C++ static_cast<void *>

Question

Could someone explain this little code snippet for me?

Given:

int a[3] = {2,3,4};

Why does the following evaluate to true?

static_cast<void *>(a) == static_cast<void *>(&a); // Why is this true?

Is this saying that the address of a is the same as a? If so, why is this true?

Answer 1

It is because address of the variable a concides with the address of the first element of array a. You can also think of a is &a[0] which is clearer when we say "the address of the first element of the array").

Another example,

struct X
{
    int i;
};

X x;

Here also the address of variable x concides with the address of x.i (which is the first element of the aggregate), so this would print 1:

std::cout << (&x == &(x.i)) << std::endl; //1

So in your case, &a is like &x, and a (or &a[0]) is like &(x.i).

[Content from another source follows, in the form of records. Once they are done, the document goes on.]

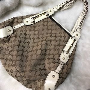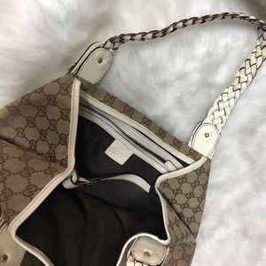 🤍 Gucci Canvas w Cream Braided Leather Hobo LG🤍
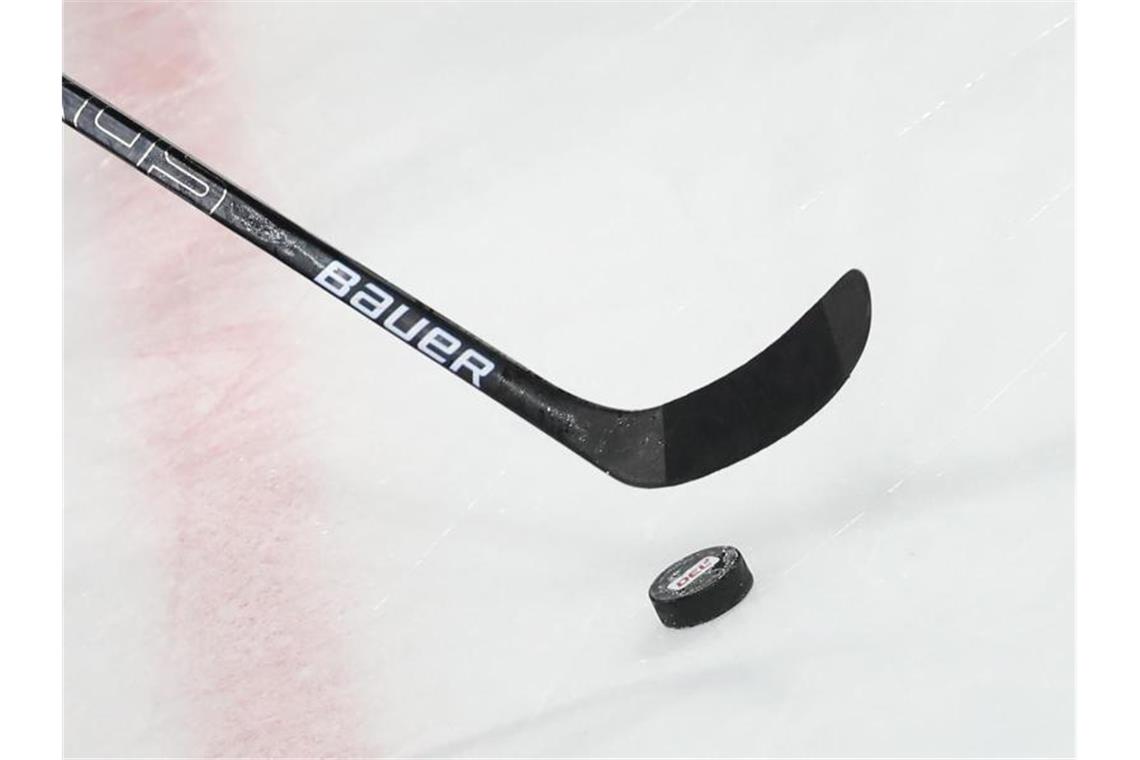 Ein Puck liegt vor einem Eishockey-Schläger auf dem Eis. Foto: Daniel Karmann/dpa/Symbolbild
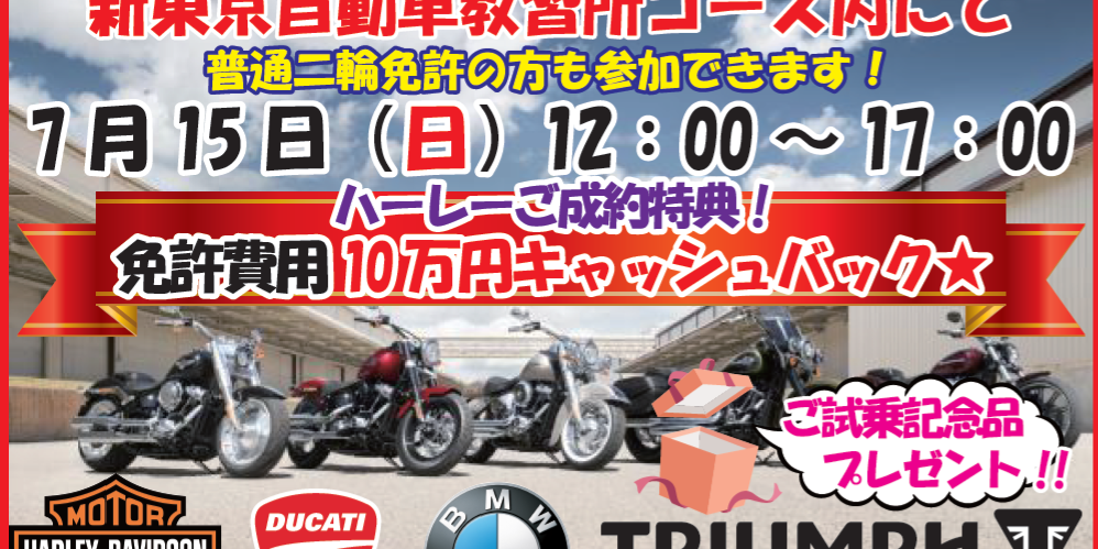6月242018イベント情報ハーレーダビッドソン東久留米のブログ開催日 :2018年7月15日(日) 開催時間:12:00~17:00 開催場所:新東京自動車教習所 参加費 :無料 持ち物 :ヘルメット・グローブ ☆普通二輪免許の方も参加できます! ☆ハーレーダビッドソンは全ての車種にご試乗いただけます! ☆その他、ドカティ・BMW・トライアンフの試乗車もございます! 特典1:ハーレーダビッドソンオリジナルグッズ(非売品)をGET! 特典2:ご成約の方には『免許費用10万円』キャッシュバック! 共有:シェア Facebook で共有するにはクリックしてください (新しいウィンドウで開きます) Facebook クリックして X で共有 (新しいウィンドウで開きます) X Post navigationPreviousPrevious post:ちぃさいけど便利なヤツ!~HD純正シングルスイングアームバック~NextNext post:FLFBS☆坂上様よりユーザーズボイスを頂きました!
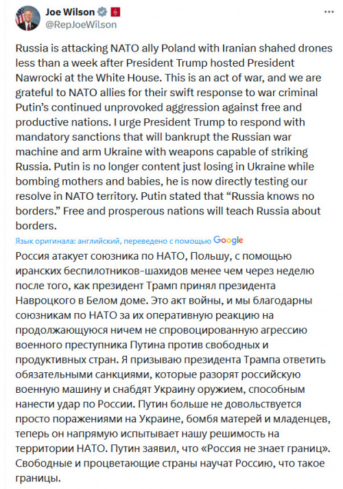 В НАТО, конечно, выразили озабоченность. Американский конгрессмен Джо Уилсон заявил, что это акт войны, призвал Трампа немедленно ответить и заявил, что "свободные и процветающие страны научат Россию, что такое границы". Я думаю, что нам следует ждать от НАТО меморандума по этому поводу. И я считаю, что Трамп должен немедленно дать Путину две недели на то, чтобы он перестал засылать в Польшу дроны.
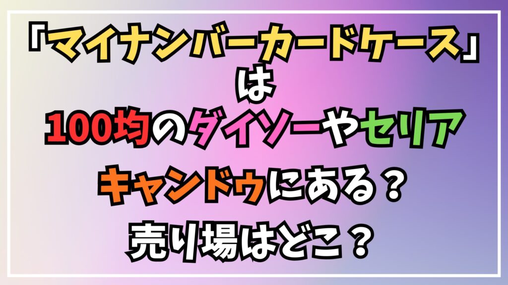 個人情報の保護やカードの汚れ防止に役立つマイナンバーカードケースですが、身近な100円ショップで手軽に購入できれば便利ですよね。
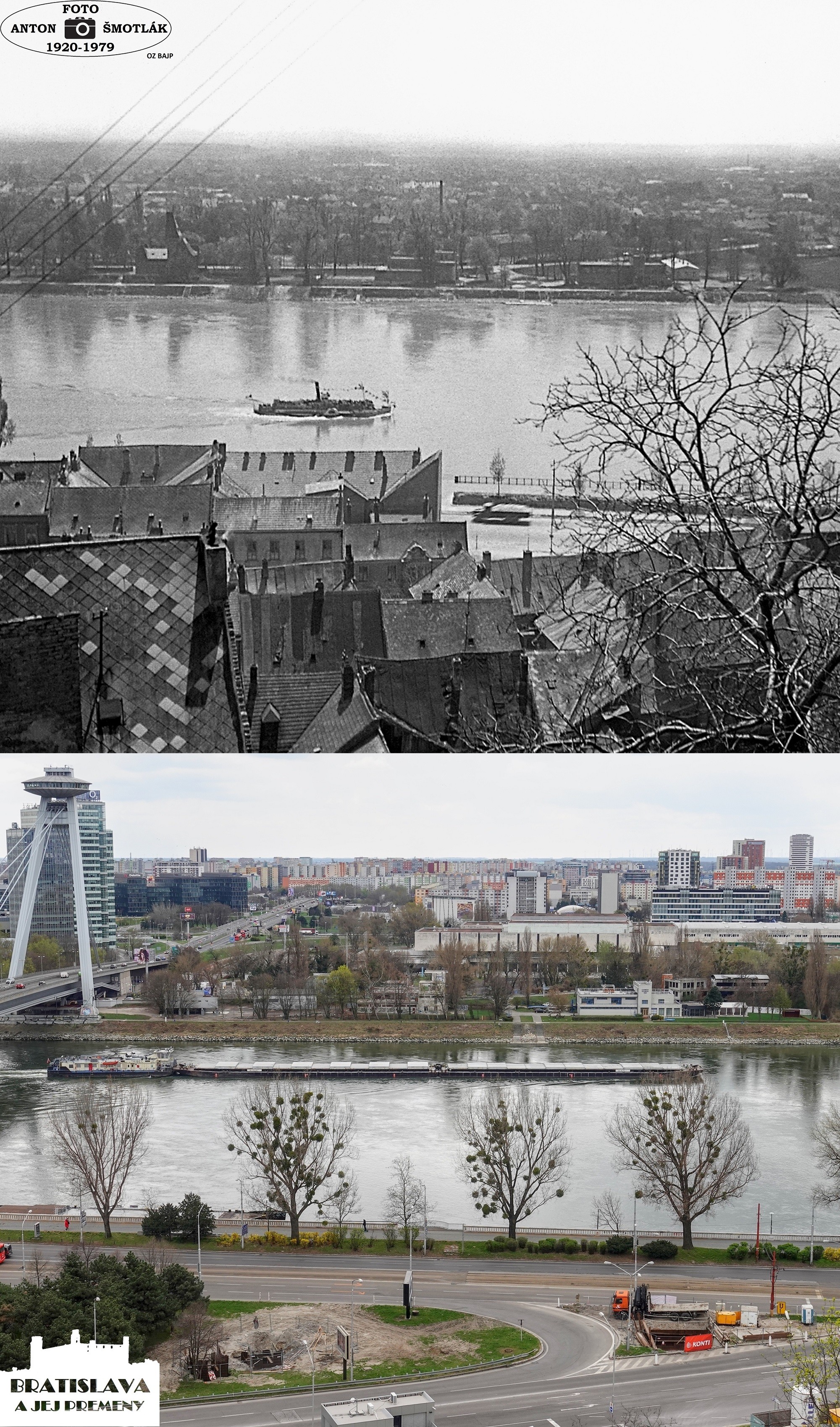 A takto sa zmenil pohľad z Bratislavského hradu: 4. máj 1956 a 7. apríl 2021.

Note that in C++ a and x are both called aggregate (see my answer here: What is an aggregate?)

Answer 2

In almost all contexts, the name of an array decays into a pointer to the first element of the array. So in static_cast<void*>(a), the a decays into &a[0]; it's type is "pointer to int". The expression evaluates to the address of the first element of the array. In static_cast<void*>(&a), however, &a is the address of the array itself; its type is "pointer to array of 3 int". That's why the casts are needed here: the two expressions without the casts would have different types, and could not be compared. Both can be converted to void* and compared. So what this code is illustrating is that the address of the first element of an array is the same as the address of the array, i.e., there's no padding at the front.

Answer 3

The name of an array usually evaluates to the address of the first element of the array, so array and &array have exact the same value.

However, they are different types. For the following array:

int a[8];

a+1 is the address of the array a + sizeof(int) but &a+1 will be the address of the array a + 8 * sizeof(int).